Thus the cleaned data set on which the analysis in this report is done

stormdat

str(stormdat)
## 'data.frame':    201318 obs. of  8 variables:
##  $ correctedEventType  : chr  "Winter Storm" "Tornado" "Thunderstorm Wind" "Thunderstorm Wind" ...
##  $ year                : chr  "1996" "1996" "1996" "1996" ...
##  $ region              : chr  "South" "South" "South" "South" ...
##  $ fatalities          : num  0 0 0 0 0 0 0 0 0 0 ...
##  $ injuries            : num  0 0 0 0 0 0 0 0 0 0 ...
##  $ propertyDamageBurden: num  380000 100000 3000 5000 2000 400000 12000 8000 12000 75000 ...
##  $ cropDamageBurden    : num  38000 0 0 0 0 0 0 0 0 0 ...
##  $ refnum              : num  248768 248769 248770 248771 248772 ...

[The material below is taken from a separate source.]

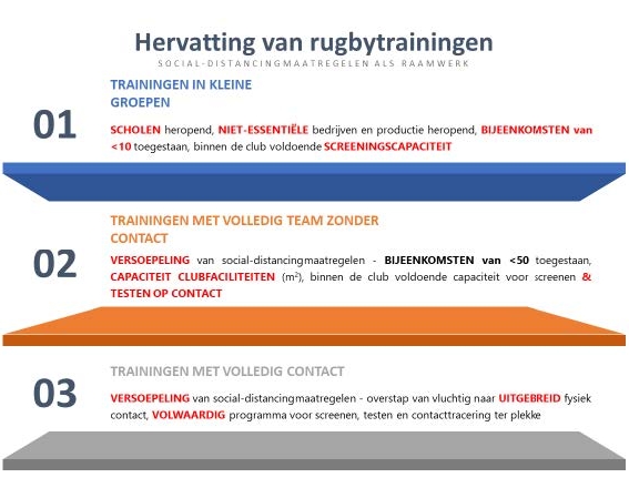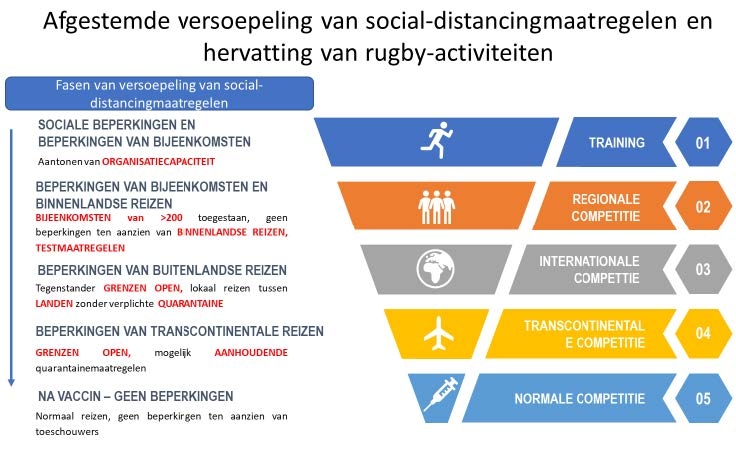 Afbeelding 2 kan dienen als leidraad vanaf het moment dat trainingen worden hervat tot de hervatting van alle rugbycompetities en -toernooien, waaronder internationale wedstrijden met toeschouwers.

Code Book for this data set

ANALYSIS

The following analysis was done to arrive at the results,

Summarizing data by event type

Creating a summary data frame which summarizes the total number of fatalities and injuries, total property(in billions of US dollars) and crop damage(in billions of US dollars) burden and frequency of each event type. Mean values of each variable is also added to provide additional information on events which occur very rarely but have devastating effects. Total burden on population health and economy(in billions of US dollars) is also added

stormDataSummary <- stormdat %>%
    summarise(totalFatalities = sum(fatalities),
              meanFatalities = round(mean(fatalities), 2),
              totalInjuries = sum(injuries),
              meanInjuries = round(mean(injuries), 2),
              totalHealthBurden = totalFatalities + totalInjuries,
              totalPropertyDamageBurden = round(sum(propertyDamageBurden)/10^9, 2),
              totalCropDamageBurden = round(sum(cropDamageBurden)/10^9, 2),
              totalEconomicBurden = totalPropertyDamageBurden + totalCropDamageBurden,
              eventFrequency = length(correctedEventType),
              .by = correctedEventType)
# This will be used to figure out the top events

The top event types for effect on population health and economy were selected by first by getting the top 5 events for each sub category of effect like fatalities, injuries, property damage expenses, crop damage expenses and then both the lists were combined to make sure the effect is not being confounded by the sub categories

Analysis for the effects on population health

  • Top 5 Events with maximum fatalities
fatalityIndex <- order(stormDataSummary$totalFatalities, decreasing = TRUE)[1:5]
top5Fatalities <- stormDataSummary$correctedEventType[fatalityIndex]
  • Top 5 Events with maximum injuries
injuryIndex <- order(stormDataSummary$totalInjuries, decreasing = TRUE)[1:5]
top5Injuries <- stormDataSummary$correctedEventType[injuryIndex]
  • Most harmful events with respect to population health
topEventsbyHealth <- unique(c(top5Fatalities, top5Injuries))
  • Special Addition : Tsunami event type was also added to this since it had the maximum mean fatalities and injuries as compared to any other events but it did not make it into the top 5 list for either variable due to the low number of occurrences since the sum(total) statistic is highly influenced by the frequency of the event
topEventsbyHealth <- c(topEventsbyHealth, "Tsunami")
  • Creating the index for these events
healthIndex <- which(stormdat$correctedEventType %in% topEventsbyHealth)
  • Creating a table for these top events
ind1 <- which(stormDataSummary$correctedEventType %in% topEventsbyHealth)
topHealthEventsSummary <- stormDataSummary[ind1,] %>%
    select(correctedEventType, totalHealthBurden,
           totalFatalities, totalInjuries,
           meanFatalities, meanInjuries, eventFrequency) %>%
    arrange(desc(totalHealthBurden))
# This will be used later to create a table
  • Summarizing the data only for these events by event type for each year
# Calculating the total fatalities and injuries and creating a factor column
# to separate the 2 statistics
totalFatalities <- stormdat[healthIndex,] %>%
    summarise(total = sum(fatalities), .by = c("correctedEventType", "year")) %>%
    mutate(healthEffect = "Fatalities")
totalInjuries <- stormdat[healthIndex,] %>%
    summarise(total = sum(injuries), .by = c("correctedEventType", "year")) %>%
    mutate(healthEffect = "Direct Injuries")

# Combine the summaries
totalHealthEffect <- rbind(totalFatalities, totalInjuries)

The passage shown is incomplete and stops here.